ADIOS 2020 Rafael Dávila Álvarez

La Muerte. Bruegel el Viejo

No te maldigo, de nada eres culpable a pesar de tu fealdad repetitiva en el número y en el vacío que expresas. Te vas para dejar un recuerdo de muerte y empezar de cero a contar la maldad que el hombre depositó en esta fecha cruel y todavía repleta de sucesos inexplicables. No eres nada más que tiempo, algo que solo existe para el que cuenta y ,ahora, aquí solo se cuentan los muertos. Uno, dos…, así hasta miles, aldabonazos que no quieren escuchar los contadores de mentiras.

No hay despedida sino entierro. Con rabia rompo el calendario y no abriré otro hasta que alguien explique ¿por qué?, ¿por qué tantos muertos?

Hay culpables, directos e indirectos, que sentados en su poltrona comerán las uvas, que no han pagado y sentirán, muy pocos, un sudor frío que les interroga: ¿por qué? Ninguno tendrá la vergüenza o el honor de presentar su carta de dimisión. De levantarse en esa noche del fin y decirse: ¡hasta aquí he llegado!

En España, el héroe de este 2020 debería recordar, si es que alguna vez leyó algo, que «solo una batalla perdida es más triste que una batalla ganada» y que, en este caso, además de perdedor es traidor, lo que no se olvida, en la historia, y nadie podrá retirarlo de la fecha que acompaña al recuerdo de la inexplicable muerte sucedida por una mala gestión y la inconsciencia de las indecisiones o arbitrarias decisiones que ofendían hasta generar la llegada de la fría muerte.
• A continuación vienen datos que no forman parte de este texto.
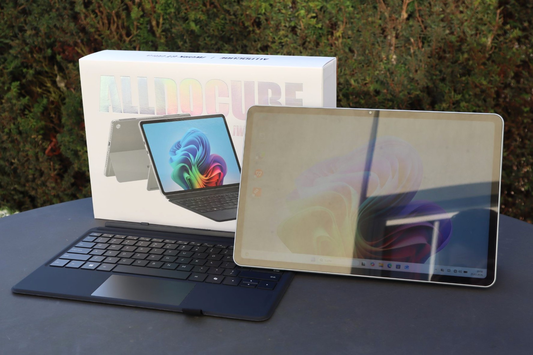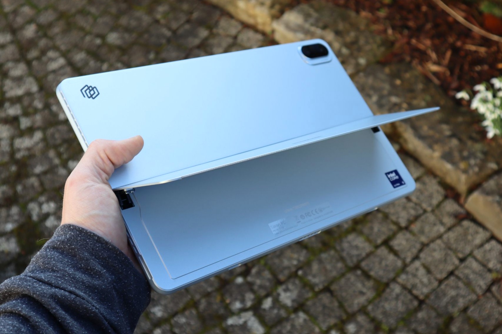 Ein Windows-Tablet mit Intel-Chip der Core-Ultra-Serie erfordert eine funktionale Bauweise. Das Alldocube iWork GT Ultra ist mit 9,89 Millimeter Dicke und 850 Gramm Gewicht (ohne Tastatur, 1255 Gramm mit Tastatur und Stylus) wuchtig. Für den Transport im Rucksack ist das unproblematisch, beim längeren freihändigen Halten ermüden jedoch die Handgelenke.

Es muy triste, más que triste; es la muerte. Os acompañará como irresponsables.

Te vas 2020, año de soledades, de mal fario, de traidores y de gañanes y muchos insultos que llevan incluso el don delante. Te diría que eres don Ginesillo de Paropillo:  «Pues voto a tal —dijo don Quijote, ya puesto en cólera—, don hijo de la puta, don Ginesillo de Paropillo, o como os llamáis, que habéis de ir vos solo, rabo entre piernas, con toda la cadena a cuestas». Don hijo de la puta es corto y poca cosa que alcanza su valor con el excelentísimo delante, con ese don sin honor. Lo lleva la presidencia del que se cree mandador en una ínsula.

Pero no eres tú el don, 2020, que eres ya un número entre los muertos, unido a la traición del mal guerrero que, como Arquíloco, arroja su escudo y emprende veloz carrera dando la espalda al enemigo.

«¡Cuántos de los que amabas/ya han bajado a lo oscuro!

… ¿Será tarde?».

Vete para no volver, y en tu marcha llévate a los culpables, que no se crucen en mi camino, jamás; sin perdón pedir.

Llévate contigo la sinrazón, a los gobernante de muertos que se precian de su gestión; vete ya, 2020,  con los que nos burlaron sin un lamento, sin dolor.

Que no se crucen en mi camino ni el horizonte los acoja, sean una mala sombra, don Ginesillo de Paropillo. Vulgar delincuente y encima heredero de Arquíloco. Don…, sin honor. No hay peor insulto que una mala gestión con resultados como los que ofrece este año maldito que se va, aunque para nuestra vergüenza don Ginesillo se quede.